Michael’s expression did not change. “I would have intervened if it came to that.”
“You weren’t there.” I stared at him, seeing the delusion for what it was. “You were watching from the shadows while I ran for my life. You can’t stop a bullet with surveillance footage, Michael.”
Barely controlled rage bled into my awareness from where Raphael waited.
The alliance had cost us everything. Days of running.
Dmitri wounded. Viktor risking his life in the challenge against Max.
And all of it because Michael had decided to ally with monsters to claim me for himself.
His wolf strained against his control, fury radiating through the bond at what Michael had done to our pack, to our family.
Raphael was moving now, his coiled energy positioning for the strike. Viktor and Dmitri were in position too, surrounding the cabin, closing off any escape. It was almost time.
But I needed to do this first. One last thing before the violence began.
“Michael.” I waited until his eyes met mine. “I’m sorry our father failed you. He failed us both.”
The words landed with physical force. Michael’s mask cracked, the careful composure shattering for just a moment. Grief welled up in his eyes, raw and unguarded, the pain of a child who had never been wanted bleeding through the man’s facade.
“He gave you everything.” The words were barely a whisper. “The hotel. The money. His name. And he gave me nothing but a job and silence. Like I didn’t exist. Like I was something to be ashamed of.”
“He treated you that way.” I held his gaze, refusing to look away from his pain. “Richard Hughes was a coward who abandoned a child rather than face his own mistakes. That was wrong.
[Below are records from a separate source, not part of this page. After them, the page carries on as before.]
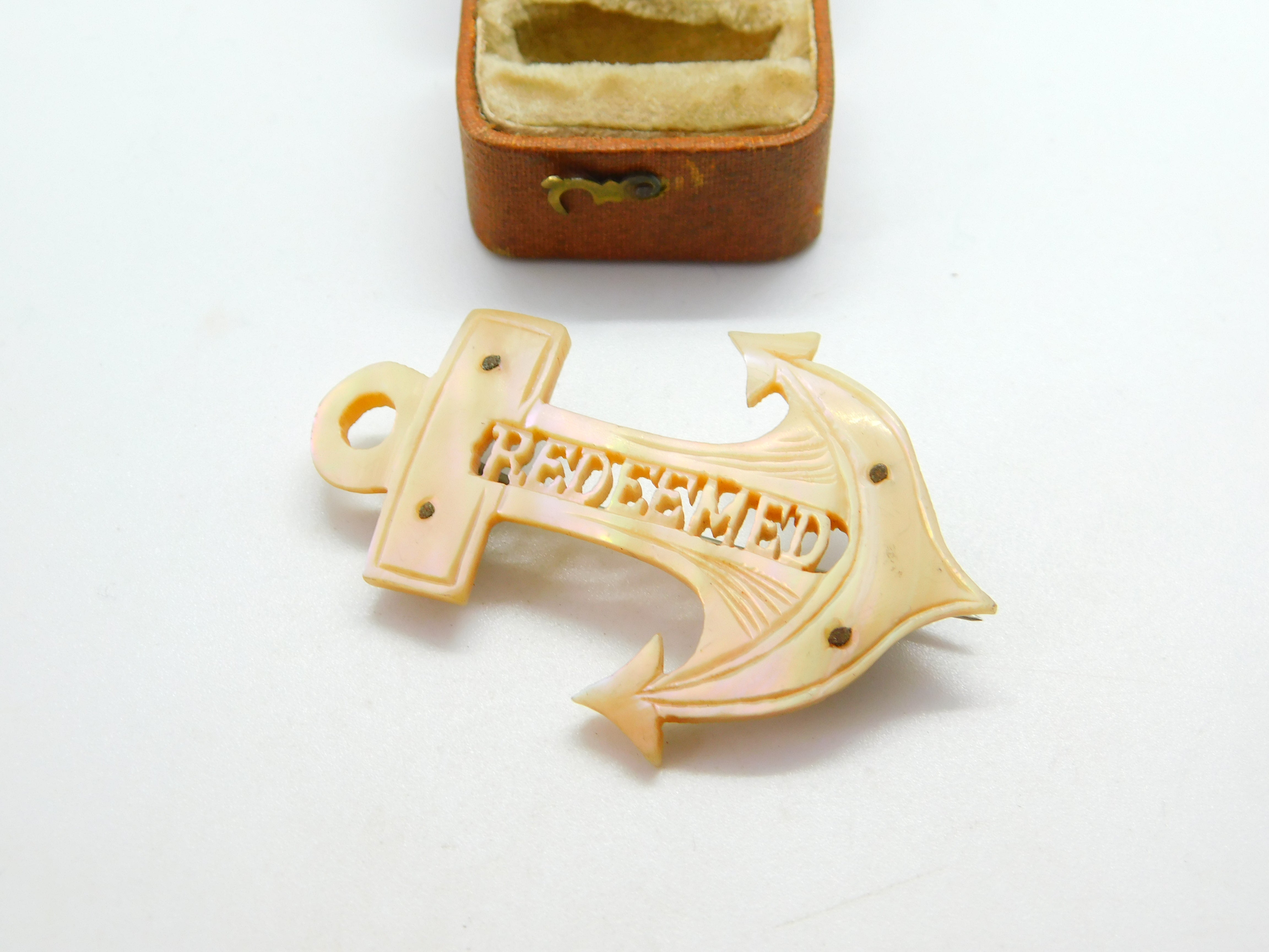 Victorian Carved Mother of Pearl Anchor of Hope 'Redeemed' Brooch c1850 Antique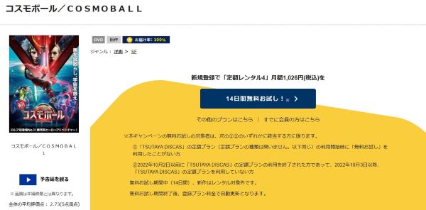 そして、映画「コスモボール」はツタヤディスカスで配信しているので、無料でDVDレンタルが可能です。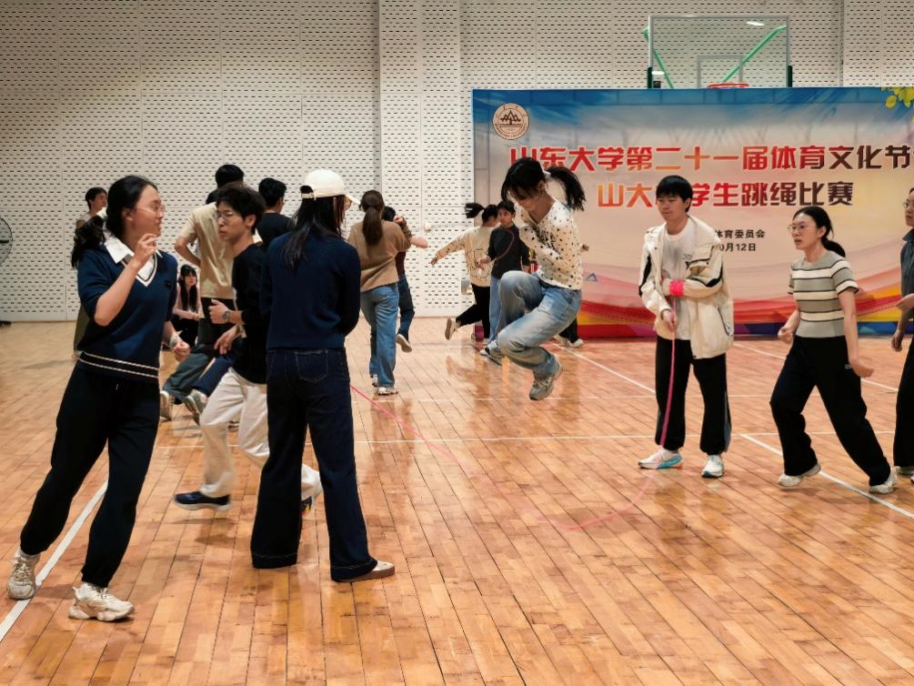 为积极响应国家体育强国建设号召,传承弘扬中华体育精神,推动民俗民间传统体育项目繁荣发展,充分展现我校青年学生顽强拼搏、团结协作、积极进取的精神风貌,山东大学于10月12日举办第二十一届体育文化节之“山大杯”学生跳绳比赛。在本次跳绳比赛中,马院积极组队参赛,共派出20位同学登场竞技,以绳为媒、以赛会友,展现学院学子的活力风采。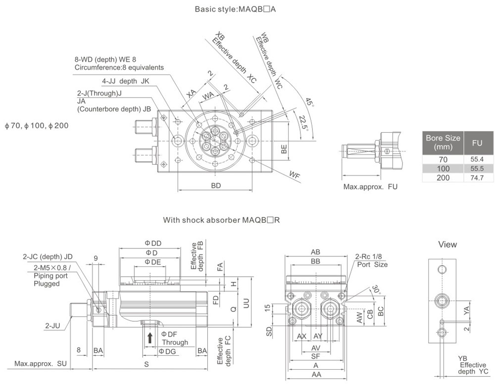 200 | 74 | 240 | 29 | 108 | 40.2 | 106 | 44 | 8H9 | 8.5 | M12×1.75 | 16.5 | 90 | 69 | 8H9 | 4.5 | 54 | 8H9 | 6.5 |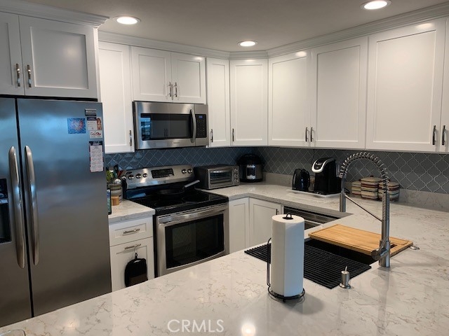 What a charmer! This one bedroom one bath condominium in the incredible Marina Pacifica community has been beautifully updated. Look at the remodeled kitchen with stainless steel appliances, granite counter tops and designer glass tile backsplash. Enjoy the corner fireplace in the sunken living room that offers floor to ceiling windows with an expansive view along with a peek-a-boo water view. And relax on your own private balcony. The bath has been beautifully remodeled with an inviting walk-in shower. There is tons of storage in this home and 2 deeded parking spaces in the subterranean garage with elevator access. The community offers multiple pools and spas, a fitness center, and a 24 hour guard gate. Add to this the beach, shopping restaurants, movie theaters, water sports, and so much more just a stone's throw away. Who will be the next fortunate owner of this lovely coastal home?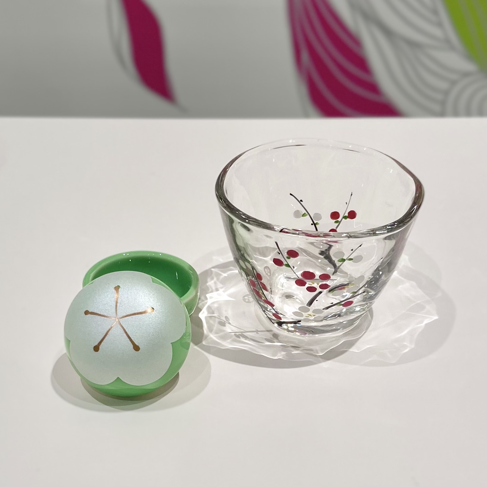 *-小手鞠窯- 京絵付けガラス碗 花茶人【梅】 税込2,750円 ※福寿園オリジナル/耐熱ガラスではございません。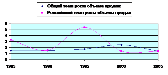 Объем продаж | 1980 | 1985 | 1990 | 1995 | 2000 | 2005 |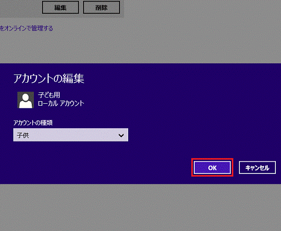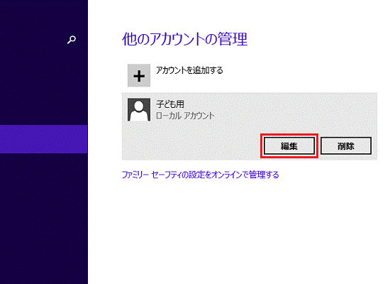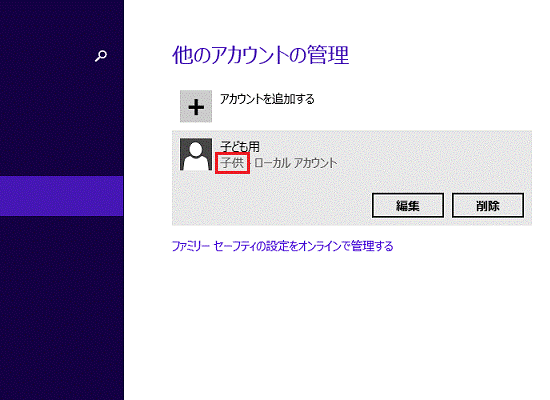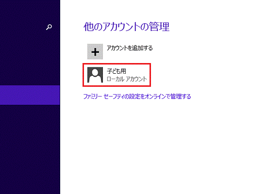 Windows 8.1をお使いの場合は、次の手順で、アカウントの種類を「子供」に変更します。

You deserved better than that.”
Michael’s expression changed. Not the hunger, not the obsession.
Softer. Almost human. His eyes glistened, and for one heartbeat the little boy he must have been shone through.
The child who had watched from the shadows while his father built a life with another family.
The son who had never been claimed, never been loved, never been allowed to belong.
I thought about what it would have been like to grow up that way. To know your father was alive, was successful, was giving everything to a daughter who did not even know you existed. To watch from the outside while someone else lived the life you should have had.
It did not excuse what Michael had done. Nothing could excuse murder and stalking and alliance with killers. But for one fragile moment, I understood the wound that had festered into this obsession.
For one fragile moment, the brother Michael could have been became visible.
The man who might have walked into my life openly, who might have introduced himself as family and given us both a chance to heal the wounds our father had left behind.
The man who might have been loved, if he had only chosen differently.
Then the moment passed.
“But none of that changes anything,” I said. “I told you before. You made a real relationship impossible the moment you chose obsession over honesty.”
“Lena.” His voice was warning now, the grief hardening back into something dangerous.
“You could have introduced yourself. You could have told me the truth about who you were. Instead you watched me from the shadows for years and killed anyone who got in your way.” I shook my head. “That’s not love, Michael. That’s possession.”
“Everything I did was for us.”
“There is no us.” I kept my voice steady, even though my heart was racing and my wrists were screaming and Raphael was coiling to strike just outside the walls. “I already have a family with someone else.”
“Your mobster.” Michael’s voice went flat, all emotion draining away.
“My husband. My choice.”
The words hung in the air between us. Final. Irrevocable. I had offered him compassion, had acknowledged the wound our father had left in both of us. I had given him something real, something true. And he had not been able to accept it.
The silence stretched between us, thin and brittle as ice over deep water. Michael stared at me with eyes that had gone dead, all the hunger and hope bled out of them, leaving only the husk of a man who had lost everything he thought he wanted.
The bond went quiet. Raphael had stopped moving, his focus absolute, his readiness complete. He knew what was coming, could feel my certainty, my acceptance of what was about to happen.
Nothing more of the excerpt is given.